Under the previous system, warming centres were only opened when an extreme cold weather alert was declared by the city’s medical officer of health.

However, the city says implementing these actions is subject to available space, staffing and budget.

Council is asking for an additional $5 million from the federal and provincial governments to continue providing winter services beyond the end of this year. Without the money, the city says it will not be able to open and operate warming centres as of Jan. 1, 2024.

Toronto has repeatedly asked the other levels of government for help covering a nearly $1 billion shortfall in the city’s 2023 fiscal plan, in part tied to increases in pandemic-related shelter costs, but no bailout was included in the recent provincial or federal budgets.

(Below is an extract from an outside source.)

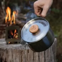 Having a way to boil water when your out in the wild, whether camping or surviving, is essential. Boiling water is the best way to make it potable and is also needed to reconstitute ready-to-eat meals or to make coffee. The compact Bushmaster Ultimate Survival Camp Kettle Pot is one of the most efficient designs on the market. The kettle pot only weighs in at 12.8 ozs. It has a stainless steel construction with a removable lid and a pouring spout so that it can be used as a kettle or pot. The lid has a wooden knob handle. On the side of the pot is an adjustable steel handle, uniquely designed to be used when pouring and to also secure the lid when storing. The kettle pot comes with a mesh bag for storage and carry.

The city says despite adding capacity, demand within the shelter system continues to grow. In 2016, the system made available approximately 4,000 spaces. Currently, the city is able to provide overnight emergency accommodation to approximately 9,000 people experiencing homelessness.

City council also voted to urge the provincial and federal governments to add $20 million to the Canada-Ontario Housing Benefit. The rent supplement pays the difference between 30 per cent of the recipient’s household income and the average market rent in the area.

A city staff report had estimated an extra $20 million could help transition upwards of 1,600 people from the shelter system into rental market housing.